In your native plant database listing for Phyla nodiflora one of the common names seems to be misspelled (fog instead of frog). FYI, if wrong, please let me know.
Common names are curious things. While no one would bat an eye about a paper dissecting some arcane point of minutiae regarding Polygonum orientale, it’s difficult to imagine a crotchety old botanist standing before his peers at a professional conference and delivering a serious exposition on “Kiss-me-over-the-garden-gate.” Where botanical names are all about science and rules, common names are about art and whimsy. Botanical names are about the sharing of information; common names are about conversation and pleasant communication. Botanical names are neat and orderly, law-abiding citizens; common names are messy, free-wheeling, teenaged scofflaws.
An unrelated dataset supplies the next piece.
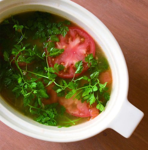 A simple silhouette oval pot with the Italian word for "simmer. It is a convenient size for 2.5 people and can be used in a small oven.
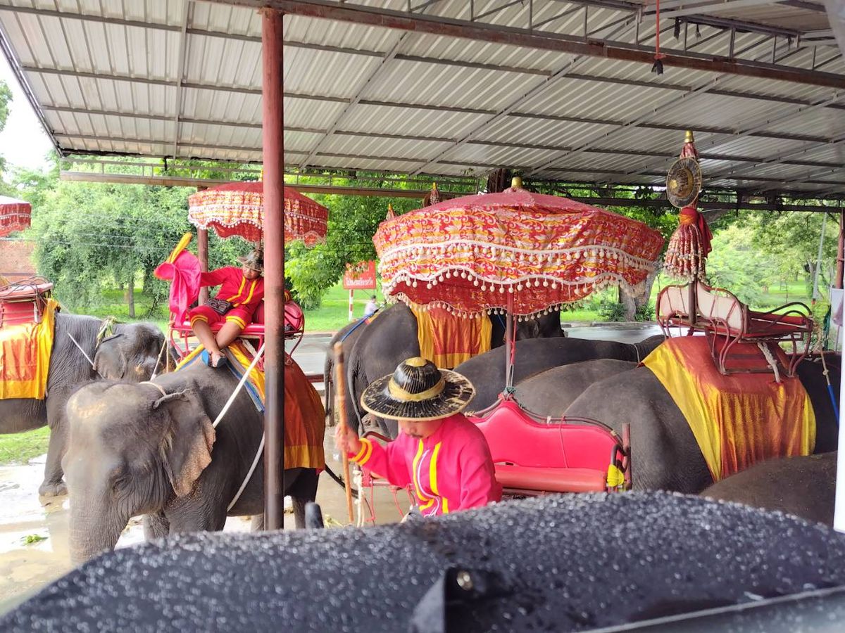 雨季のアユタヤでのゾウ乗りの天候が気になる方もいるかと思いますがずっと降っているわけではないのでガイドさんが案内順番をうまく調整してくださるので基本乗れるように配慮いただけるようです。

All of that is a way of saying that “frogfruit” and “fogfruit” are like the old chewing gum ads – they’re “two… two… two mints in one!” OK, Phyla nodiflora is not a mint, it’s in the Verbena family, but both common names are commonly applied to that species and several others related to it. In fact, fogfruit probably even predates frogfruit as a common name by about 100 years (early 1800’s for fogfruit vs. early 1900’s for frogfruit). Most likely, frogfruit arose as a common name from a mispronunciation or misspelling of fogfruit. I have in my mind the scene of a copy editor looking at “fogfruit” and saying, “That can’t be right! What the heck is a fogfruit? It must be, oh, I don’t know, maybe frogfruit! Yep, that must be it. Frogfruit makes a lot more sense! Set the type, boys!” Even today, if you do a Google search for each common name, you’ll get more “hits” for fogfruit than you will for frogfruit. Neither common name makes much sense to me and I’m still looking for a good (non-fanciful) explanation for the origin of either one. My personal preference is for the common name, Turkey-tangle, but that’s another issue altogether.